2022 Fiscal Year Final Research Report

• Project/Area Number: 21K14041
• Research Category: Grant-in-Aid for Early-Career Scientists
• Allocation Type: Multi-year Fund
• Review Section: Basic Section 18010:Mechanics of materials and materials-related
• Research Institution: Kyoto Institute of Technology
• Principal Investigator: Sakane Shinji 京都工芸繊維大学, 機械工学系, 助教 (70876755)
• Project Period (FY): 2021-04-01 – 2023-03-31
• Keywords: フェーズフィールド法 / 格子ボルツマン法 / 複数GPU並列計算 / 適合格子細分化法 / デンドライト・セル成長 / レーザー溶融法 / 金属積層造形 / 凝固

Outline of Final Research Achievements

In this study, to accurately predict the solidification microstructure formed by dendrite/cell growth during metal additive manufacturing (AM) in three dimensions (3D), a multi-physics model coupling the meso-scale thermal fluid flow model and the micro-scale phase-field (PF) model was developed.
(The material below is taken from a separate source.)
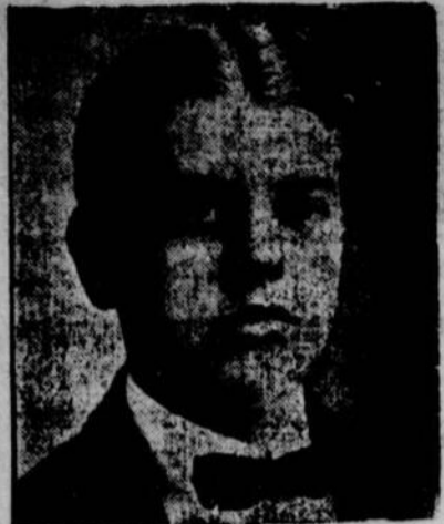
WILLY HOPPE, champion du monde au jeu de billard.

La lutte de mercredi prochain entre ces deux hommes sera donc des plus intéressantes, et tous les amateurs tiendront à ne pas manquer un spectacle comme ils en auront rarement vu de pareils.

To enable the large-scale 3D PF simulations, a high-performance computing methods combining parallel computation using multiple GPUs and the adaptive mesh refinement method were implemented. Through the large-scale 3D PF simulation during AM, the 3D microstructure was successfully predicted, simulating the experimental microstructure well. The developed method is a powerful tool for revealing the mechanisms of dendrite/cell growth with multi-physics phenomena during AM.

Free Research Field

計算材料科学

Academic Significance and Societal Importance of the Research Achievements

積層造形の凝固組織は造形物の品質を決定づけるため，その高精度予測が重要であるが，積層造形中のマルチフィジックスを包括的に考慮した凝固組織予測モデル構築と，3次元組織予測を可能とする高性能計算手法開発が課題であった．本研究で構築した3次元組織予測手法は，フェーズフィールド組織予測のための高性能計算手法開発の指針となり，かつ，実験的にその場観察が難しい積層造形中の凝固組織形成過程を3次元的に再現・評価できるため，学術的な貢献が期待できる．また，高品質な積層造形品を製造するための知見を生み出す強力なツールとして，今後，産業面での貢献も期待できる．